If Isaiah’s words carry with them truth for our times, then we should take great encouragement from them. The promise here is that it is in the very darkest of times that the glory of the Lord shines the brightest. Christ’s presence stands in stark contrast to the human pride and angry shouting of our world. Our Lord brings grace, mercy, understanding, healing, and peace where our culture grants none of these to its followers. Christ also grants purpose and mission to His followers. When we are faced with godlessness, we can rely on Christ to show us His righteousness. As we face the oppression that is rampant in our world, we can follow our Lord in our reliance on God’s Word with its eternal perspective as our foundation of truth to use in response. Christ calls upon His own people to trust in Him absolutely and to bring the sweet fruit of the message of salvation to our spiritually starved land.

Blessed are the peacemakers for they shall be called sons of God.

Matthew 5: 9


Some people seem to be good at this. Others are the ones that create the greatest need for the services of these peacemaking souls. There are a number of religious practices or faith based groups that make peace a central tenant of what and who they are. Yet, peace is seldom valued fully, and it is rarely vigorously embraced in our world. We like power, and we worship control. It seems that the only sort of peace that grants these to any of us is one that is the result of oppressive authoritarian mandate and that is maintained by what is, in fact, continual acts of violence and threats of its use. This is not peace; rather, it is subjugation. Even in the freest of countries, our cultures still worship violence. We pose in aggressive stances, and we become defensive and angry when anyone suggests that there should be controls placed upon our ability to arm ourselves as we see fit.


None of this resembles the way that Christ approached the same sorts of situations. If you think that the world where he lived was not like ours, you are not viewing the same images and accounts that I see.

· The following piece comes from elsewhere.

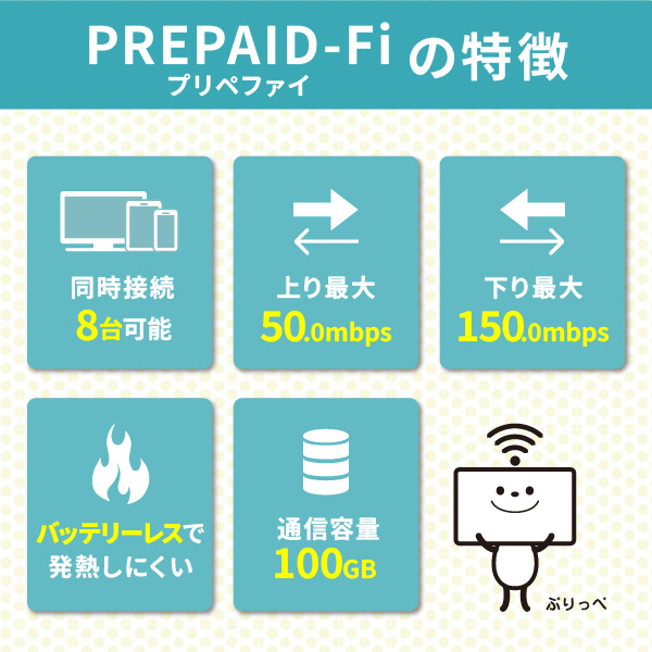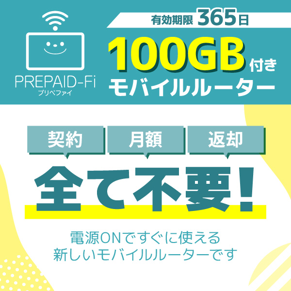 「PREPAID-Fi」は届いたら契約不要で届いたらすぐ使える、新しいモバイルルーターです。「縛り」や「月額料金」なしで、快適にデータ通信を利用いただけます。あらかじめ100GBのデータ容量がチャージされています。

The first century was a time that was marked by oppressive power, mighty machines of war, and insurgency against all of that. Personal rights were minimal for most, and their continuation was fragile. Additionally, Jesus acted and spoke as God, the Father, told Him to do. God provided Christ with guidance and instruction that was based upon God’s entire history of dealing with humanity. It was also framed by His fore-knowledge of the way that we would continue along our catastrophically destructive path through the rest of history. Although Christ will put an end to all of this as He purifies and redeems Creation, God is not satisfied with waiting for that time to come.


Christ calls on us to be peacemakers. Being that sort of person does not mean that our lives will be peaceful. In fact, peacemakers are people who deliberately put themselves in the middle of conflict. They are the bravest of those who run to the sound of gunfire, for they go to the battle armed with weapons of love, mercy, grace, and understanding. They are people who seek to break down barriers and topple barricades while sharing the eternal common ground of Christ with the combatants. Peacemakers choose to swim in the pool of peace. They enter into the holy sacrament of baptism in the waters of reconciliation. This is a calling to follow Christ deep into the heart of grace and far beyond the threshold of comfort and personal safety. It demands that we transcend reason or human rationality to enter into the realm of the mystical where the realities of God’s kingdom become normative. Yet this is where Christ calls for His people to live. We are to be people who reject violence in all forms and who dwell in total submission to His will. We are to be peacemakers.